Dupree recognizes me as he’s sauntering over to the red carpet. He gives a little wave and flashes a bright white smile. Ooh. He’s a looker, and his looks are telling. Reminds me of that artist in Milan I had a fling with a few years back. Suave. Sophisticated. Not the kind of man who hangs onto women for more than three weeks at a time. But while he hangs, Lord Almighty, does he blow your mind.
"Adele Marks, right?" He spins his umbrella on his shoulder before he folds it up. "Nice to see you got selected. You know me?"
"Yes. Dr. Dupree."
We shake hands and head toward the awaiting jet.
"So," he says, "what are you expecting from this place?"
"What they promise, I suppose. Nothing more, nothing less."
He shoves his hands into his jean pockets and whistles a few bars of some pop song. "Perhaps I’m a cynic. I think the Heights will be acceptable and no better. Most programs like this paint themselves as better than they are. Plus, the community is in that cesspool, Jackson City. Have you seen that place? What a terrible view we’ll have from the windows every day."
"You don’t sound very enthusiastic, Dr. Dupree. Yet you accepted the invitation."
We reach the stairs to the jet’s door, and Dupree gives a low bow, motioning for me to take the lead. "I accepted because there is nothing better to accept.
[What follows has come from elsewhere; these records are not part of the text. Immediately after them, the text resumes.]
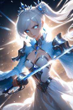 masterpiece,best quality,amazing quality,very aesthetic,absurdres,newest,extreme aesthetic,in the style of fashion photography,light particles,cinematic lighting,Visual impact,sharp focus,Emotionalization,depth of field,dutch angle,scenery,weiss_schnee,1girl,solo,long_hair,breasts,looking_at_viewer,bangs,blue_eyes,hair_ornament,long_sleeves,dress,holding,cleavage,jewelry,medium_breasts,closed_mouth,upper_body,ponytail,weapon,white_hair,earrings,small_breasts,shiny,sword,artist_name,signature,wide_sleeves,necklace,holding_weapon,white_dress,armor,blurry,shiny_hair,side_ponytail,lips,v-shaped_eyebrows,clothing_cutout,eyelashes,floating_hair,blue_dress,glowing,watermark,scar,holding_sword,cleavage_cutout,tiara,shoulder_armor,gem,glowing_eyes,web_address,light_particles,scar_on_face,pendant,backlighting,dual_wielding,high_collar,serious,glint,scar_across_eye,shrug_\(clothing\),blue_gemstone,rapier,left-handed,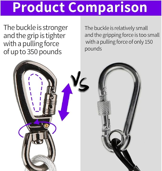 - Upgrade Heavy Duty Buckle & 360ยฐ Tangle Free-dog cable use heavy duty locking carabiner, stronger and more durable, with a 360ยฐ smooth rotation axis, your dog can run freely without getting tangled.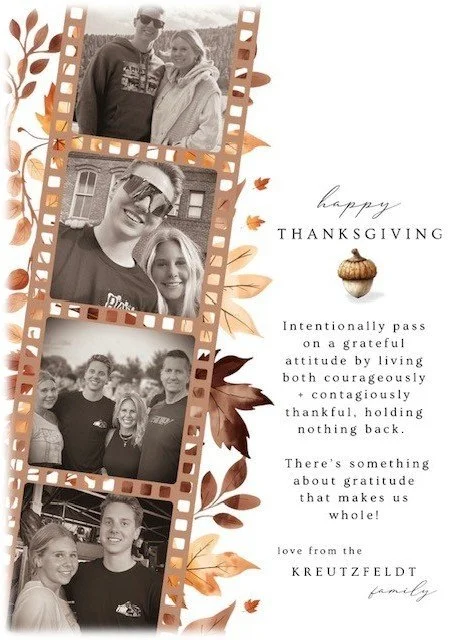 To spread our attitude of gratitude, we must insist on being courageously + contagiously thankful. That means we do it with our whole hearts, holding nothing back.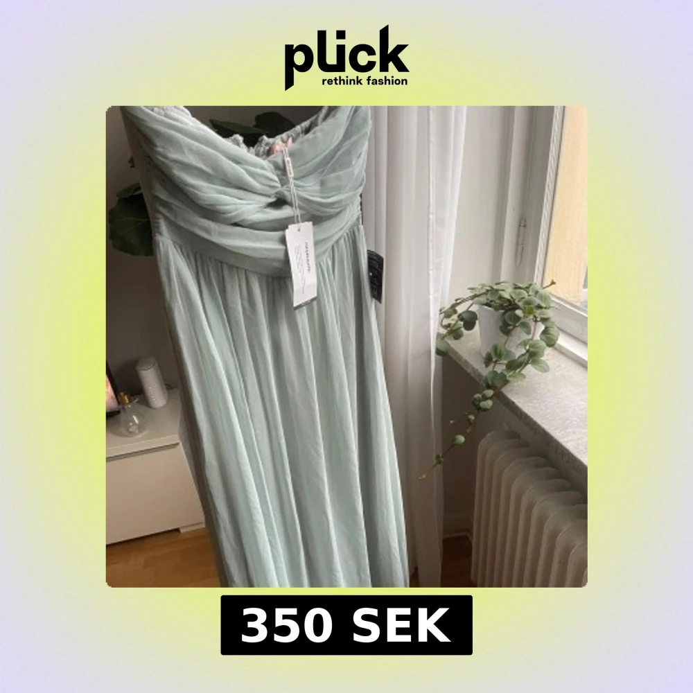 Festlig ljusgrön långklänning från NLY Eve med axelbandslös design och draperad överdel. Klänningen har en flowy kjol och stängs med dragkedja i ryggen. Perfekt för bal och bröllop! Materialet känns lätt och elegant. Aldrig använd, lappar kvar

My home country is not in such great shape, and the world at large seems ill beyond repair. I might as well work toward some grand ideal and convince myself I can help save the future, eh? If I don’t do something like this, even if it’s vain and hopeless, my only other option is to do nothing at all while the world
falls to pieces. Useless is not a title I want to bestow upon myself."
Oh, yeah. Suave.
"I agree, Dr. Dupree. I don’t want to be useless either. In fact, I already have many goals in mind for my work at Arcadian Heights."
5
Quentin
( 1 Year Ago )
Saluda is not, by any means, a thriving metropolis. But compared to its next-door neighbor, Jackson City, it’s a utopia. It has, among other things, two grocery stores, a hospital, and a tailor. I use the grocery stores most often. I use the tailor about three times a year. I’ve recently begun using the hospital on a regular basis. Today is a grocery day.
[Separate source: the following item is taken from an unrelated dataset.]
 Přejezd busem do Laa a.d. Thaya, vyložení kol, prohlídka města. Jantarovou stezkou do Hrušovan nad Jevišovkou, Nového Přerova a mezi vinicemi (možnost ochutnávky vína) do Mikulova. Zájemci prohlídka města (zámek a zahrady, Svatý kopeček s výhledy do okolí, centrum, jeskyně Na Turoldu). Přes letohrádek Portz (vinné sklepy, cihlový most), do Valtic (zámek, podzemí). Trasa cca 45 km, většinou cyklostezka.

With a patrolman parked in a car outside waiting for my return, I shuffle through the aisles on automatic, grabbing the same foods I’ve always eaten. My standard disguise, a hat, glasses, and a good shave, serves me well enough to go unnoticed by the other store patrons. But it doesn’t diminish the cold spots on my shoulder blades, the eerie sensation of being watched by a pair of invisible eyes.
Every time I cross to another aisle, I notice the patrolman’s helmet has adjusted slightly. To keep me in sight. Howard has displayed increasing distrust of me since our confrontation three weeks ago.
When I reach the meat section along the backmost wall, I position myself in the corner, where the patrolman can’t watch me and where the store’s camera, which Howard has no doubt hacked, can’t perceive me. The protected burner phone I ordered two weeks ago, disguised as a computer replacement part, feels heavy in my hand. It is heavy. I’ve gotten so used to flex tablets. I haven’t held a cell phone in more than a decade.
But despite its age, it works. I dial the first number in my contacts and wait for the man on the other end to answer. When he does, expletives stream from his mouth. "You motherfucker! You didn’t tell me this bastard was some fucking super soldier."